The grill: Charles E. Christian

The CIO of Good Samaritan Hospital speaks to Computerworld.

Charles E. Christian got his start in healthcare in the clinical arena, working in radiology before moving into IT. Today he's CIO of Good Samaritan Hospital, a 232-bed community facility in Vincennes, Ind., with 1,600 employees. Christian, 57, has become a leader in healthcare through his work at Good Samaritan for the past 22 years and through his service on various policy and advocacy committees. In January, he was recognized as the 2010 John E. Gall Jr. CIO of the Year by the College of Healthcare Information Management Executives and the Healthcare Information and Management Systems Society, which jointly bestow the award on healthcare IT executives who make significant contributions to their organizations and demonstrate innovative leadership through effective use of technology.

If you didn't work in healthcare, what industry would you want to work in? Probably the National Parks Service. I like the outdoors.

The most interesting thing most people don't know about you: I used to race motorcycles.

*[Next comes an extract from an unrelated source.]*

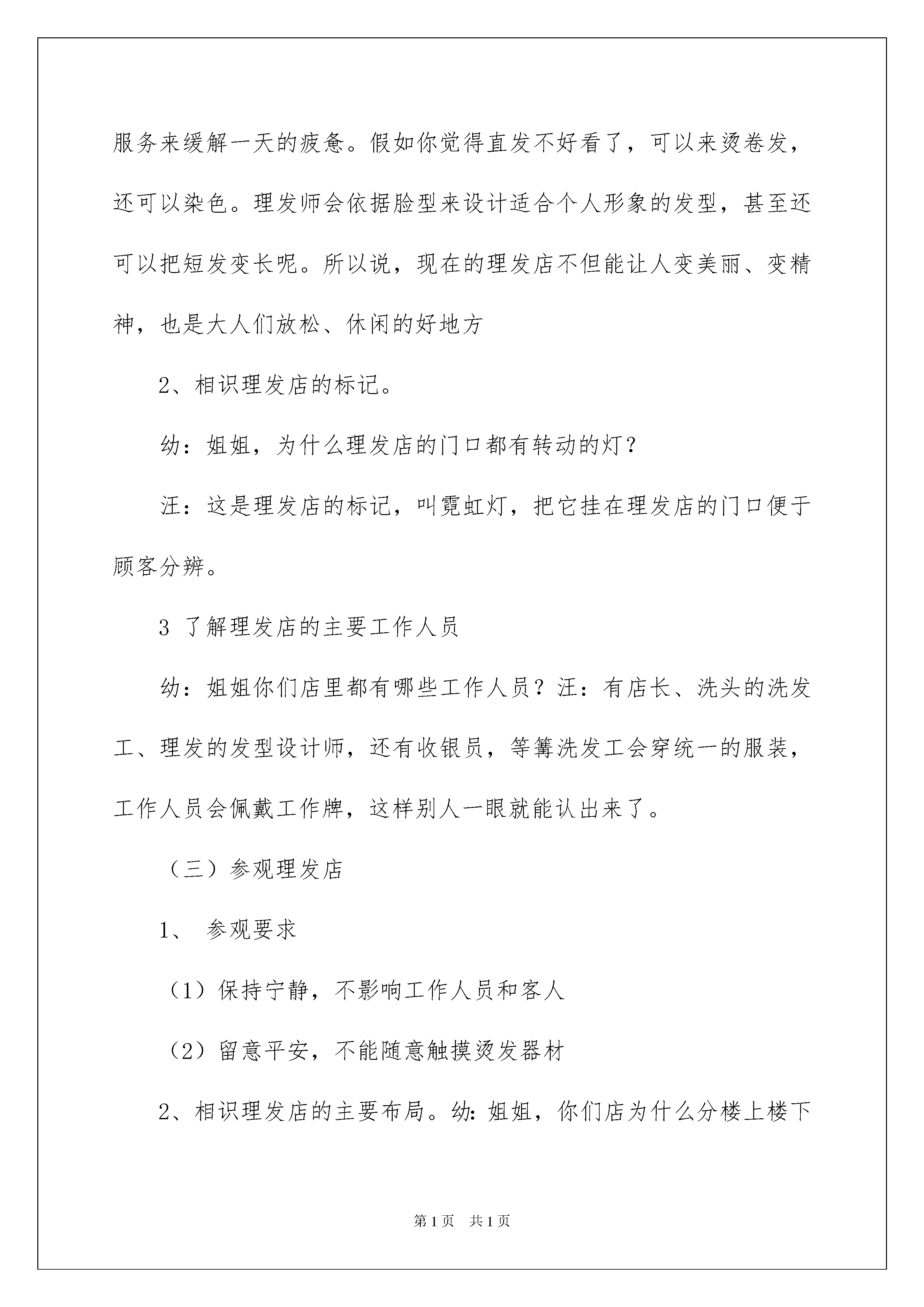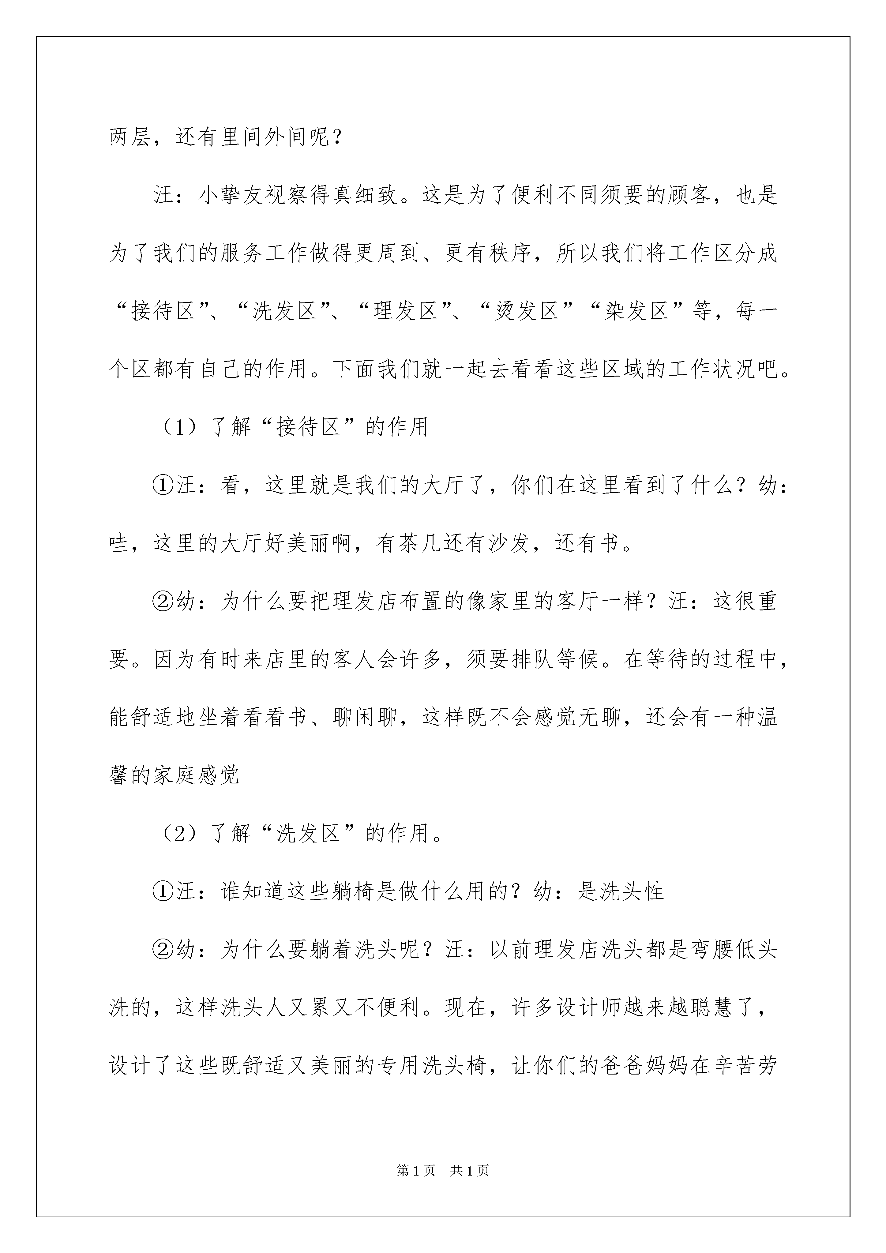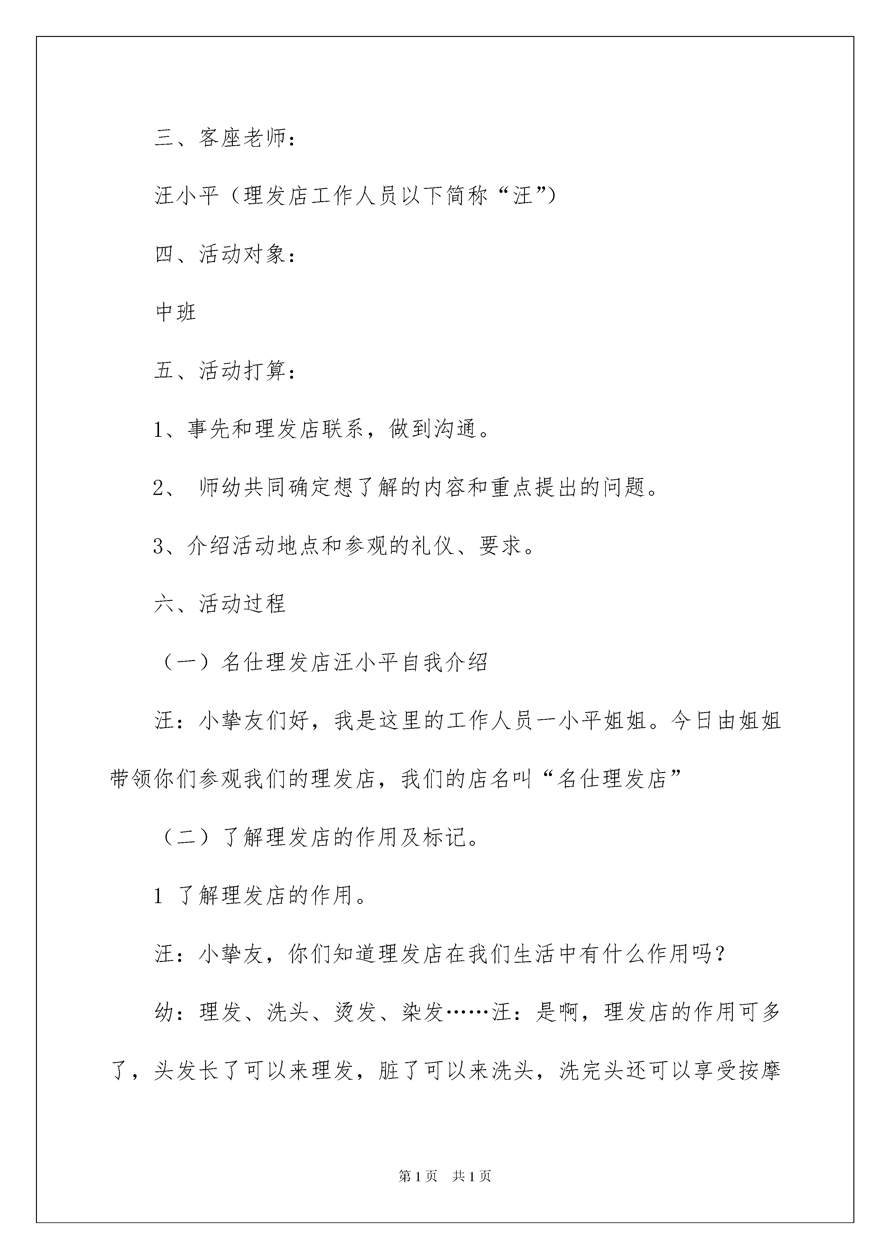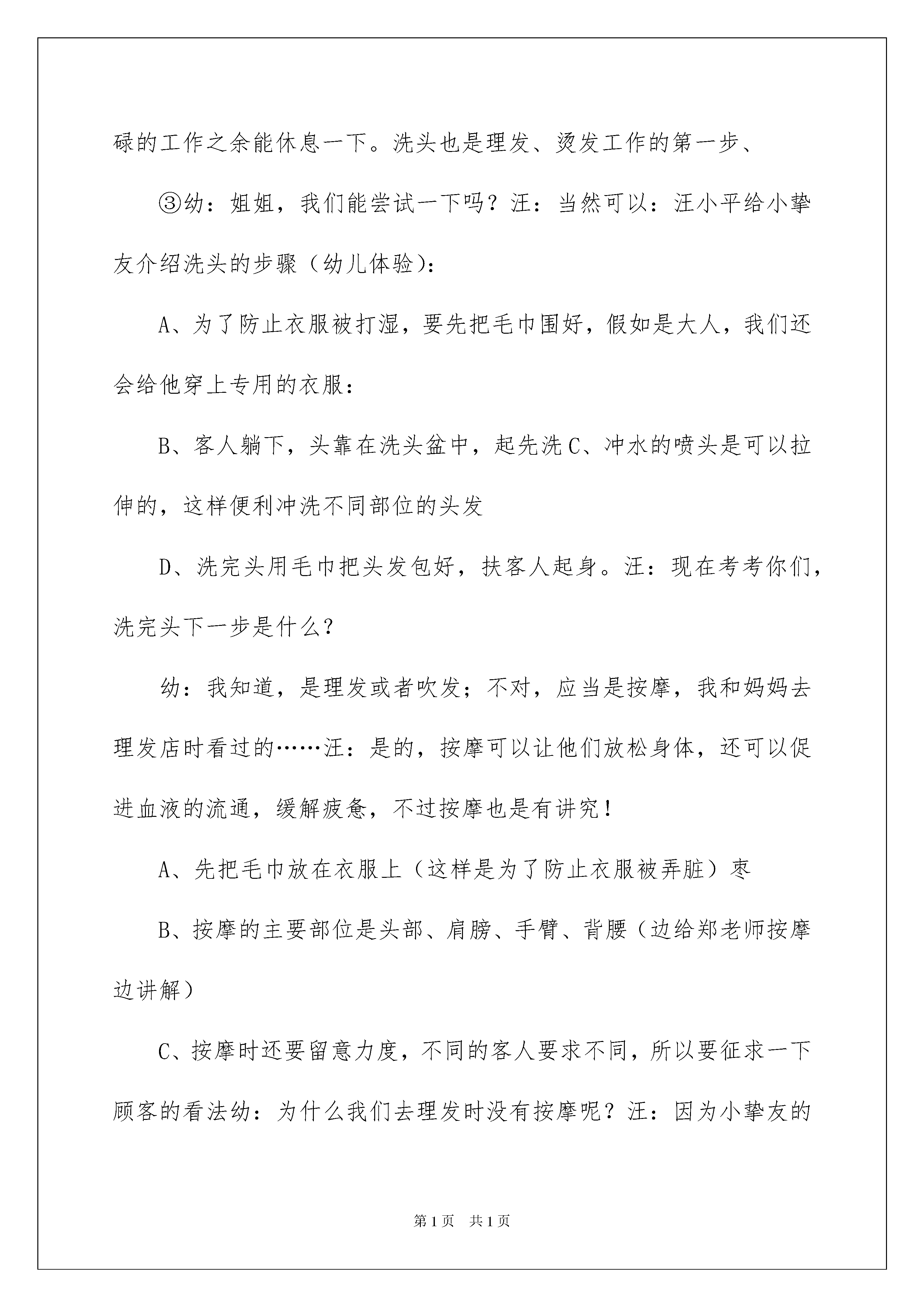 2022《理发》中班教案《理发》中班教案在教学工作者实际的教学活动中,有必要进行细致的教案打算工作,借助教案可以更好地组织教学活动。快来参考教案是怎么写的吧!下面是我收集整理的《理发》中班教案,希望能够帮助到大家。《理发》中班教案1一、设计初衷孩子是在嬉戏中学习学问、积累阅历、欢乐成长的。孩子们最喜爱玩区角嬉戏,在那里他们可以仿照成人的行为,学做“小大人”。我们班的“理发店”是最受孩子们欢迎的地方,每次看着孩子们像模像样的做“理发师”,真实地感受到了孩子们的童真童趣。为了让孩子们了解现实生活中的理发店,接着保持对“理发店”的爱好。于是,我们带领小挚友一同走进了名仕理发店。二活动目标:1、视察理发店的布局和设施,了解部分理发工具的名称及用途。2、能大胆、主动地与人沟通,懂得基本礼仪。三、客座老师:汪小平(理发店工作人员以下简称“汪”)四、活动对象:中班五、活动打算:1、事先和理发店联系,做到沟通。2、师幼共同确定想了解的内容和重点提出的问题。3、介绍活动地点和参观的礼仪、要求。六、活动过程(一)名仕理发店汪小平自我介绍汪:小挚友们好,我是这里的工作人员一小平姐姐。今日由姐姐带领你们参观我们的理发店,我们的店名叫“名仕理发店”(二)了解理发店的作用及标记。1了解理发店的作用。汪:小挚友,你们知道理发店在我们生活中有什么作用吗?幼:理发、洗头、烫发、染发……汪:是啊,理发店的作用可多了,头发长了可以来理发,脏了可以来洗头,洗完头还可以享受按摩服务来缓解一天的疲惫。假如你觉得直发不好看了,可以来烫卷发,还可以染色。理发师会依据脸型来设计适合个人形象的发型,甚至还可以把短发变长呢。所以说,现在的理发店不但能让人变美丽、变精神,也是大人们放松、休闲的好地方2、相识理发店的标记。幼:姐姐,为什么理发店的门口都有转动的灯?汪:这是理发店的标记,叫霓虹灯,把它挂在理发店的门口便于顾客分辨。3了解理发店的主要工作人员幼:姐姐你们店里都有哪些工作人员?汪:有店长、洗头的洗发工、理发的发型设计师,还有收银员,等篝洗发工会穿统一的服装,工作人员会佩戴工作牌,这样别人一眼就能认出来了。(三)参观理发店1、参观要求(1)保持宁静,不影响工作人员和客人(2)留意平安,不能随意触摸烫发器材2、相识理发店的主要布局。幼:姐姐,你们店为什么分楼上楼下两层,还有里间外间呢?汪:小挚友视察得真细致。这是为了便利不同须要的顾客,也是为了我们的服务工作做得更周到、更有秩序,所以我们将工作区分成“接待区”、“洗发区”、“理发区”、“烫发区”“染发区”等,每一个区都有自己的作用。下面我们就一起去看看这些区域的工作状况吧。(1)了解“接待区”的作用①汪:看,这里就是我们的大厅了,你们在这里看到了什么?幼:哇,这里的大厅好美丽啊,有茶几还有沙发,还有书。②幼:为什么要把理发店布置的像家里的客厅一样?汪:这很重要。因为有时来店里的客人会许多,须要排队等候。在等待的过程中,能舒适地坐着看看书、聊闲聊,这样既不会感觉无聊,还会有一种温馨的家庭感觉(2)了解“洗发区”的作用。①汪:谁知道这些躺椅是做什么用的?幼:是洗头性②幼:为什么要躺着洗头呢?汪:以前理发店洗头都是弯腰低头洗的,这样洗头人又累又不便利。现在,许多设计师越来越聪慧了,设计了这些既舒适又美丽的专用洗头椅,让你们的爸爸妈妈在辛苦劳碌的工作之余能休息一下。洗头也是理发、烫发工作的第一步、③幼:姐姐,我们能尝试一下吗?汪:当然可以:汪小平给小挚友介绍洗头的步骤(幼儿体验):A、为了防止衣服被打湿,要先把毛巾围好,假如是大人,我们还会给他穿上专用的衣服:B、客人躺下,头靠在洗头盆中,起先洗C、冲水的喷头是可以拉伸的,这样便利冲洗不同部位的头发D、洗完头用毛巾把头发包好,扶客人起身。汪:现在考考你们,洗完头下一步是什么?幼:我知道,是理发或者吹发;不对,应当是按摩,我和妈妈去理发店时看过的……汪:是的,按摩可以让他们放松身体,还可以促进血液的流通,缓解疲惫,不过按摩也是有讲究!A、先把毛巾放在衣服上(这样是为了防止衣服被弄脏)枣B、按摩的主要部位是头部、肩膀、手臂、背腰(边给郑老师按摩边讲解)C、按摩时还要留意力度,不同的客人要求不同,所以要征求一下顾客的看法幼:为什么我们去理发时没有按摩呢?汪:因为小挚友的身体还在发育期,身体各部位还不成熟,不能随意给你们按摩。汪:放松好了,该去吹剪或烫染(3)了解“理发区”的作用和各种工具的名称及用途。汪:这里就是我们剪发、理发的地方了。下面我给你们介绍一些理发用的工具:①围布的作用:为了不让剪下的头发掉在身上、衣服上,所以之前我们要先围上

What technology do you find most amazing? All of it. I'm a gearhead, but my children have turned me on to Apples and what they're able to do and how they all connect together and work in unison.

Does a clinical background, even if it's more than two decades in the past, give you an edge as CIO at a hospital? When I'm sitting with doctors and nurses and they're talking about care, I can grasp that better than I could if I was just a technology guy, because I had that experience. So I guess it's given me another set of vocabulary. I can understand when doctors and nurses start talking in very clinical terms what they're truly trying to get across.

What attracted you to IT? I got the idea that it could have a transformational impact on healthcare.

What do you consider your primary role? We talk about healthcare CIO 2.0, that we have to get more strategic. Where I live is about 18 to 24 months out. Some days I feel like the fire chief, but we have to keep our eye on the future [and ask], "How are things happening in D.C. going to shape healthcare in 24 months?" Because if we're not looking at that and translating that to the organization's strategy, we have opportunities for failure. And I'm kind of the evangelist, saying, "Here's what we can do," and the visionary who says, "OK, how do we gather people together to look at this common issue?" And I play the role of devil's advocate. I say "What if ..." a lot.

What are your long-term goals for your institution? We want to keep the organization viable. So we're looking at what we need to do and how we can cost-effectively put in IT to support that. There are some reimbursement models the government is looking at, and we're looking at what the implications will be and what we'll need to change so we're prepared for those changes when they come.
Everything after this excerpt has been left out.